City council begins next phase of open space preservation

As the city moves forward with townhome complexes and housing developments, officials are also taking a step in the preservation of local open space.

The Claremont City Council Tuesday approved a six-figure master plan to comprehensively address concerns at the Claremont Hills Wilderness Park.

For several years the city council has been working to address overcrowding, littering and safety issues at the popular North Claremont landmark. While temporary fixes have been adopted, like restricting the hours of the park and charging users for parking, in July the council agreed to move forward with a master plan to address overarching goals at the park.

With the council’s unanimous approval, MIG, Inc.—a Berkeley-based consulting company that specializes in recreational areas—will lead the city’s work in analyzing the popular public leisure spot to create an inventory of existing conditions at the park, take a look at the park’s carrying capacity, evaluate parking, develop a site map and create a public participation plan.

Additionally, the council added a resource management plan to the overarching master plan, to discuss ways of protecting and enhancing the park’s natural wildlife.

Councilmembers hope the finished product will help the city better manage the park as a recreational destination for current park enthusiasts while preserving the space for generations to come.

“The word is balance,” said Councilmember Sam Pedroza. “It is a balance between the natural resource we have here and it is a balance between the recreation amenities…and it is also a balance with the neighborhood.

“What we are doing here tonight, I know it’s a tall order…but I think we do have very engaged residents that want to spend that expensive amount of time to commit themselves to making sure we are doing this right,” he finished.

After months of city reviews, which included community input, residents were overall pleased with the city’s due diligence in moving the plan forward.

“We have been waiting for this night for a long time,” said Lissa Peterson, president of the board of the Claremont Wildlands Conservancy.

Though pleased with the proposal’s scope of work, Ms.
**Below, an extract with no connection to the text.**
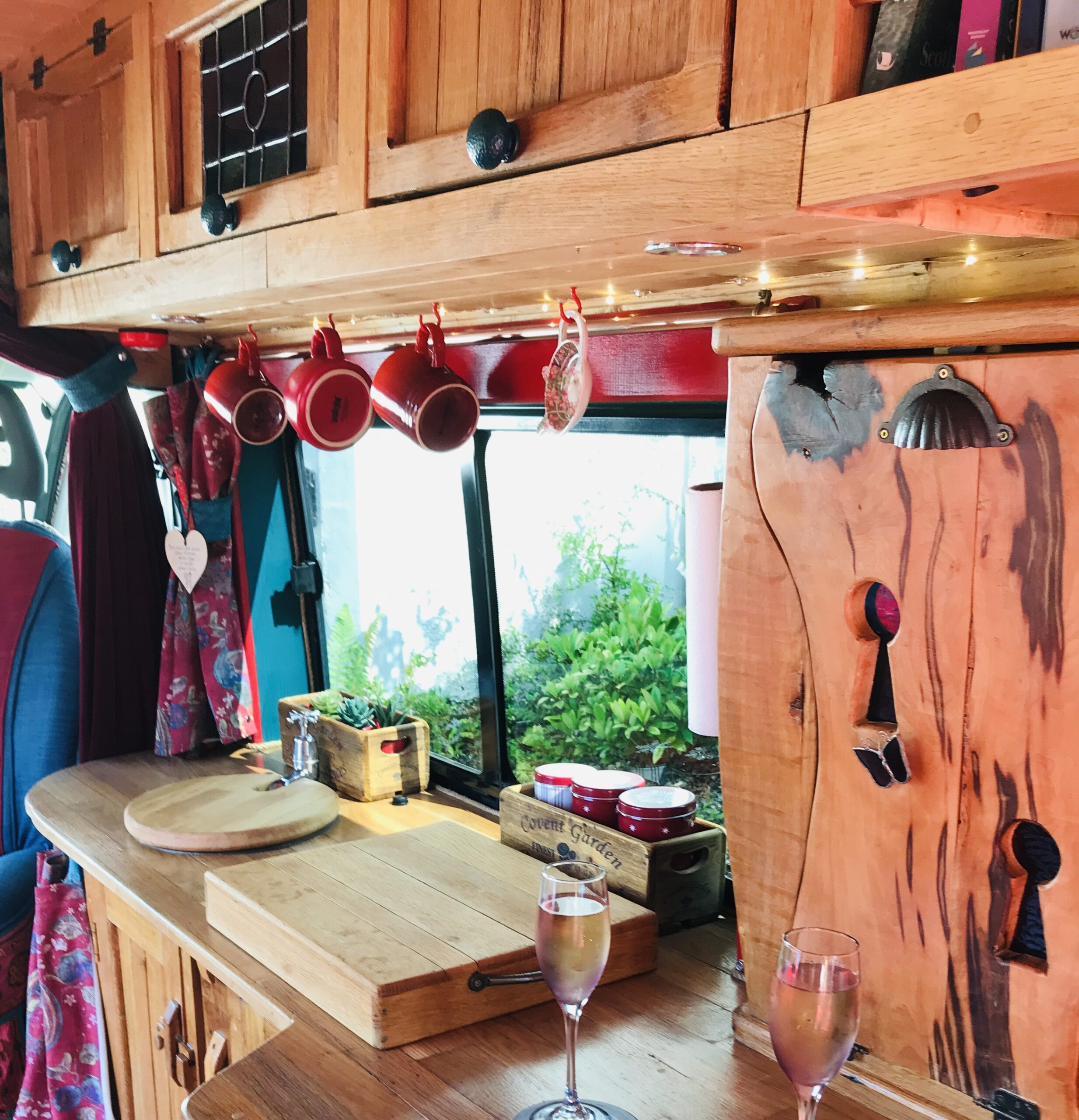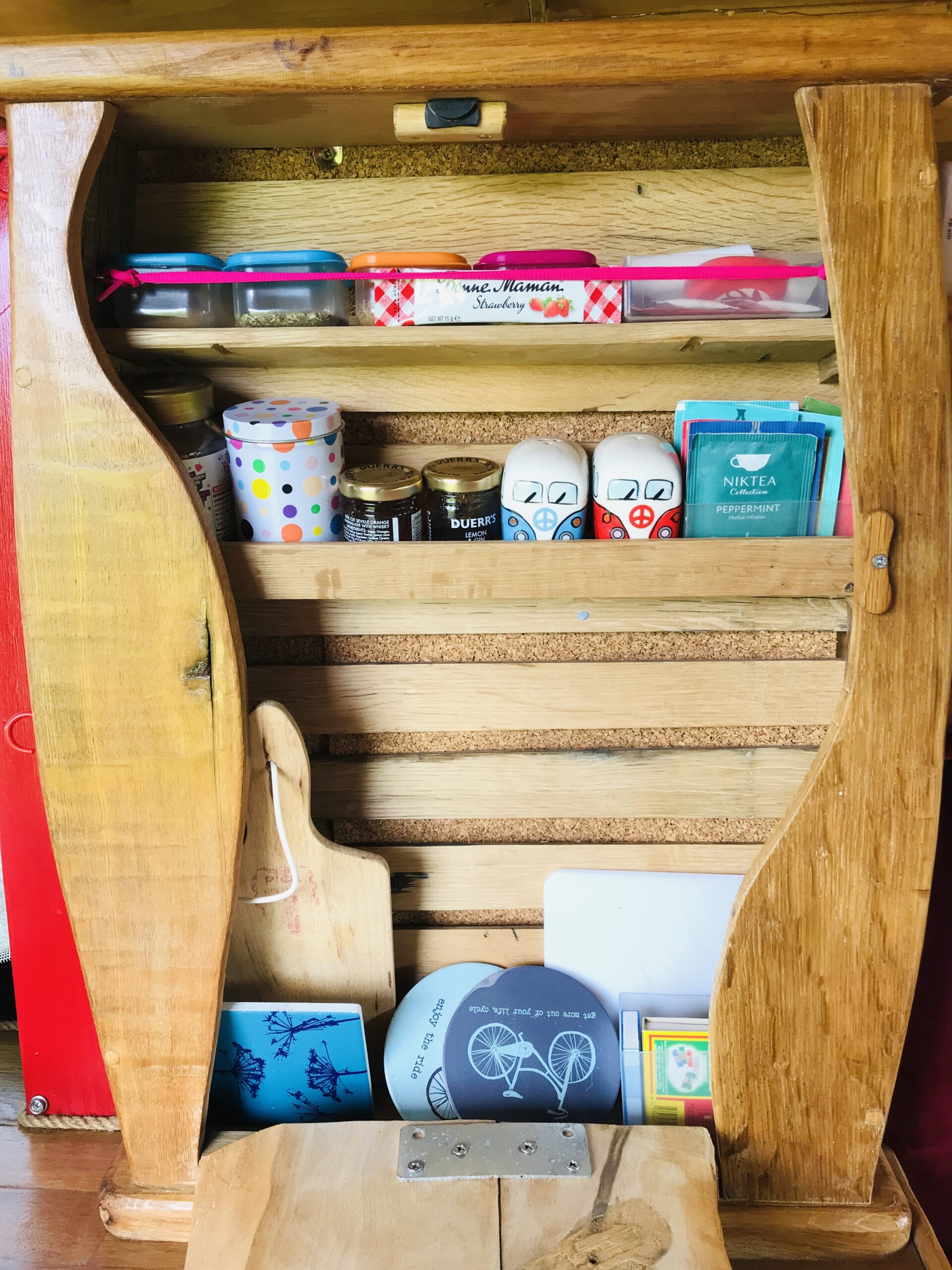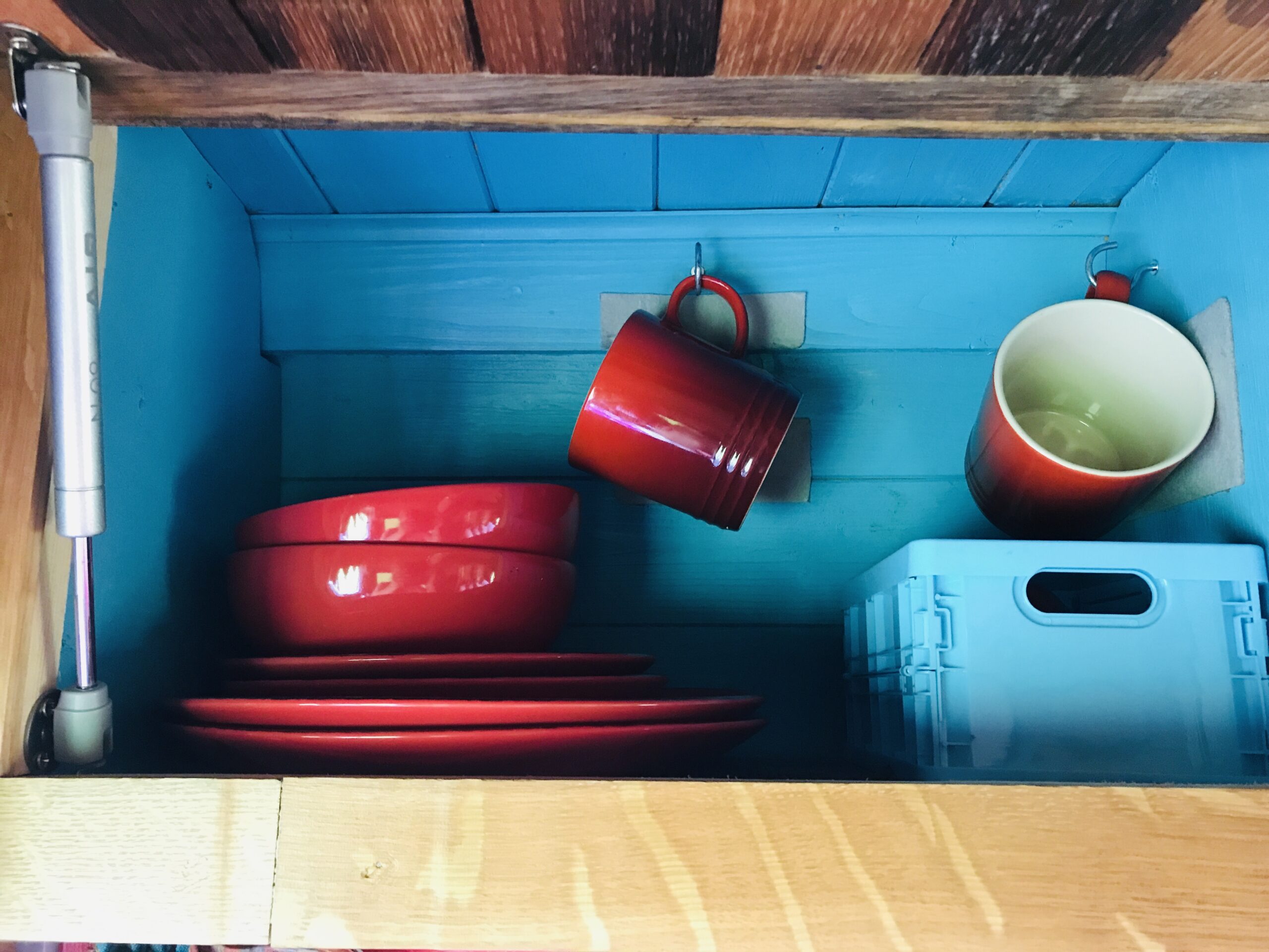Six generous overhead cupboards run the length of one side of the van. Each cupboard is painted a different colour inside which helps you remember which cupboard things are in! One cupboard has a beautiful stained glass insert to add another unique touch.

Peterson emphasized the importance of addressing the park as both a recreational opportunity as well as an environmental resource to be preserved.

“We don’t want to lose the natural beauty and the natural qualities that are there in our foothills so preservation is extremely important to us. This is a great environmental resource that we have all worked to save and that we hope to continue to expand.”

Fellow conservancy member Terry Grill chimed in, thanking city officials for keeping an open process of developing a master plan, while adding the importance of keeping the public engaged in the work ahead.

“The number of public meetings and the involvement of the public will allow us to fully evaluate the issues that are at hand for a variety of the stakeholders involved in this park,” Ms. Grill said. “By increasing the amount of public participation we may gain the most creative solutions that may not be obvious until we engage a number of the public stakeholders.”

Not all were on board with the plan. Claremont resident Hugh Wire, who has started a petition with a few other locals who were recently cited for staying in the park after hours, said he would like to see the plan focus more on community outreach.

“These people [park users] are not just a problem, they are not just a threat to the environment and not just problems to the residents. They are people that are making themselves healthy and they are potential allies. Rather than people to be regulated, these are sentient human beings that have ideas and willingness.”

Noting that park usage is closer to 300,000 people, Council member Larry Schroeder pointed out to Mr. Wire the city has done its due diligence in communicating with park users, through the city’s website, repeated public meetings and signs posted at the park itself.

City officials say they will continue to engage the public in finding solutions to the wilderness park overcrowding in the months and year ahead, as work on the master plan gets underway. The estimated completion date of the plan is expected in January 2015.